The Lights: 4X54 T5HO by Catalina during the modding for the hangers:



















Done 









Constructing & hanging of the Lights:




























Finally in place and ready to go!










Above shot:


----------



## VadimShevchuk (Sep 19, 2009)

oo that is look awesome! Is that the final placement of the driftwood?


----------



## mott (Nov 23, 2006)

Back with more 

First I got the Substrate in and divided parts with cardboard.

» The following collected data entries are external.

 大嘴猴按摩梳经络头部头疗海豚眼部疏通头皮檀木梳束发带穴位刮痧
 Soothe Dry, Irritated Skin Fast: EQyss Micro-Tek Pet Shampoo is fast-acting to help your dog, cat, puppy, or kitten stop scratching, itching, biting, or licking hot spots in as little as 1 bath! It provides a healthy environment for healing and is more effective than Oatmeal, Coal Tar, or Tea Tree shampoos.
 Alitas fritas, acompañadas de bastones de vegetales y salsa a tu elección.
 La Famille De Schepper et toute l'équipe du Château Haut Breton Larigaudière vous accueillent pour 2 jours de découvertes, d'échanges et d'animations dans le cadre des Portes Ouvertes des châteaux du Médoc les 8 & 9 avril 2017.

ADA Aquasoil for the planted sections and Nile sand EDIT Xingu sand for the foreground

Voila! Instant Hardscape!





































I just wanted to show my Maintenance hangers, I just lift the lamp and click done.
Simple and effective:



















Maintenance position: 











Ok on to the Planting:

UG: I have been growing UG emmersed for some time now, I hope it transistions well.

planting trays


















UG Planting:thumbsup:



















Now the right side, Erio's Australia type II (I believe) and Bylixa Auberti



















And finally some type of long flowing Crypt?? in the back left:
ID please



















Filling:











Filled::thumbsup:





























I just put some Sunset Hygro in the middle left next to the path and they are looking good!

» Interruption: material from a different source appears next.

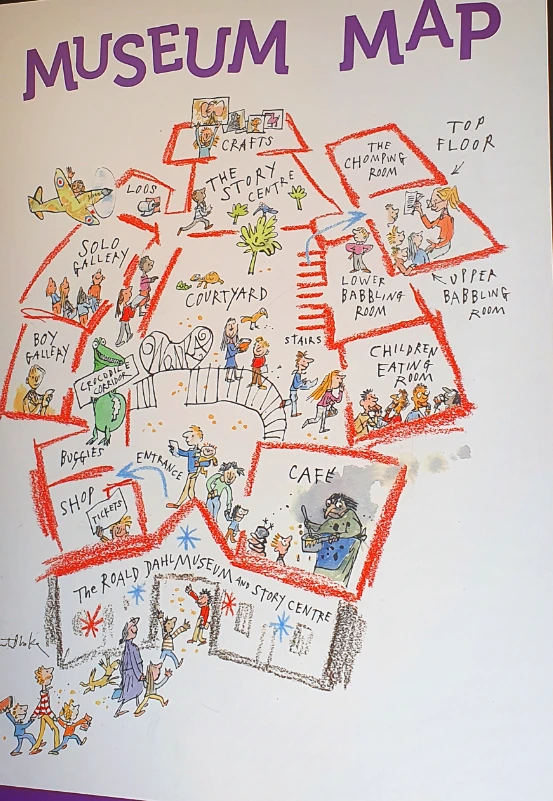 박물관은 3개의 전시실과 스토리 센터, 액티비티 룸과 카페로 나눠져 있었고, 3개의 전시실은 로알드 달 어린 시절을 소개하는 Boy 갤러리, 전투기 조정사 비행기 모형과 글을 쓰던 오두막 공간을 볼 수 있는 Solo 갤러리, 그의 작품을 이야기로 체험하는 스토리센터로 이루어져 있다
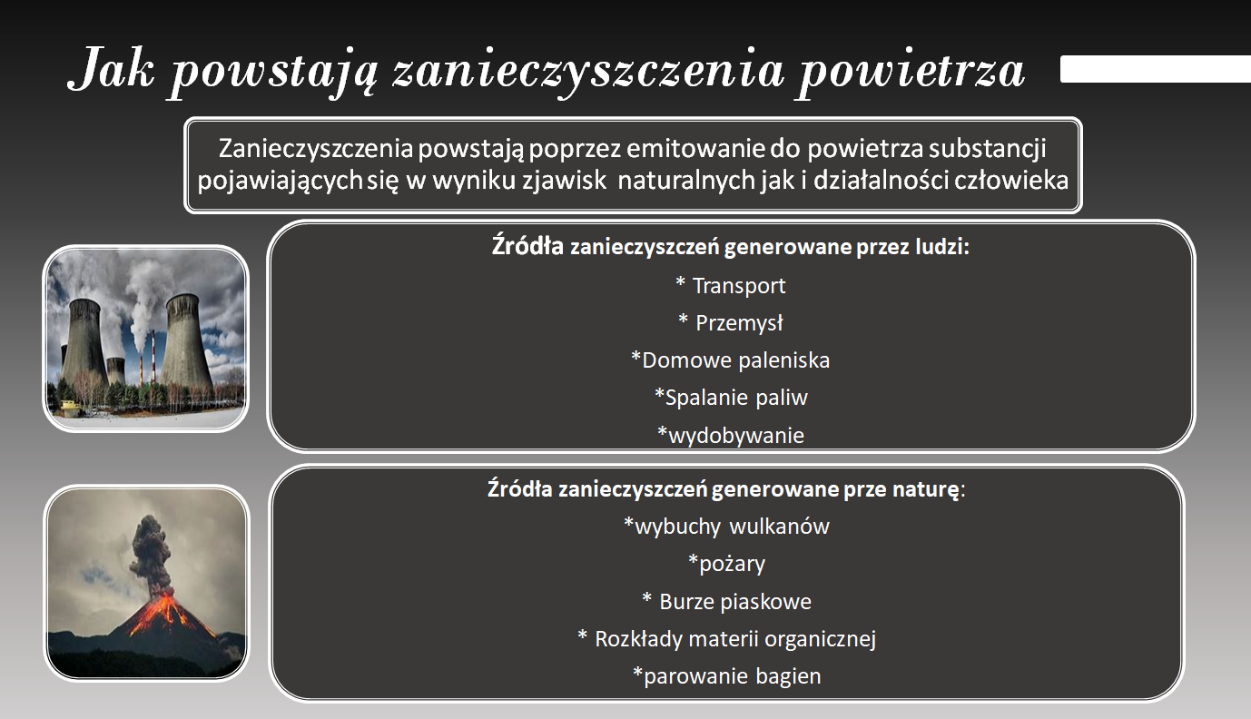 i jak wyglądają, jakie jest ich znaczenie w przyrodzie, co to jest skala porostowa i jak ją stosować, co to jest smog i jak zanieczyszczenia powietrza wpływają na układ oddechowy, również jako przyczyna raka płuc.

I will update on the Weekend, Enjoy


----------



## mott (Nov 23, 2006)

VadimShevchuk said:


> oo that is look awesome! Is that the final placement of the driftwood?


Sorry, No, look below your original post:thumbsup:


----------



## VadimShevchuk (Sep 19, 2009)

mott said:


> Sorry, No, look below your original post:thumbsup:


 that looks amazing! cant wait for it to fill in because it looks awesome:thumbsup:


----------



## mott (Nov 23, 2006)

Thank you^^


----------



## Capsaicin_MFK (Nov 15, 2009)

Finally! I've been waiting to see what you did with your putting green :icon_cool

Nice layout and good luck with the UG.


----------



## rwong2k (Dec 24, 2004)

wow great looking tank, can't wait to see it filled in


----------



## mott (Nov 23, 2006)

Capsaicin_MFK said:


> Finally! I've been waiting to see what you did with your putting green :icon_cool
> 
> Nice layout and good luck with the UG.


How did yours turn out?


----------



## flwrbed (Apr 20, 2005)

any details on how you did the "putting green".

thanks


----------



## Gatekeeper (Feb 20, 2007)

Looks killer bro!


----------



## crf529 (Jul 24, 2010)

Great looking tank.


----------



## mott (Nov 23, 2006)

flwrbed said:


> any details on how you did the "putting green".
> 
> thanks


Sure no problem:thumbsup:

http://www.plantedtank.net/forums/plants/106687-my-immersed-ug-setup.html


----------



## Dan the Man (Sep 8, 2009)

looks great! **subscribed**


----------



## mott (Nov 23, 2006)

Gatekeeper said:


> Looks killer bro!


Thanks Glenn!


----------



## mott (Nov 23, 2006)

Under the hood:
Pressurized co2 #5 tank Milwaukee ma957, Hydor 200w inline heater and a AM1000 reactor Runnin through a Eheim 2026




















I'm going to put my 2217 with a surface skimmer, Hydor 200w inline heater and a 9watt turbotwist UV on the right side in a week or so when the livestock goes in.


----------



## flwrbed (Apr 20, 2005)

thanks for the link. that was a great read.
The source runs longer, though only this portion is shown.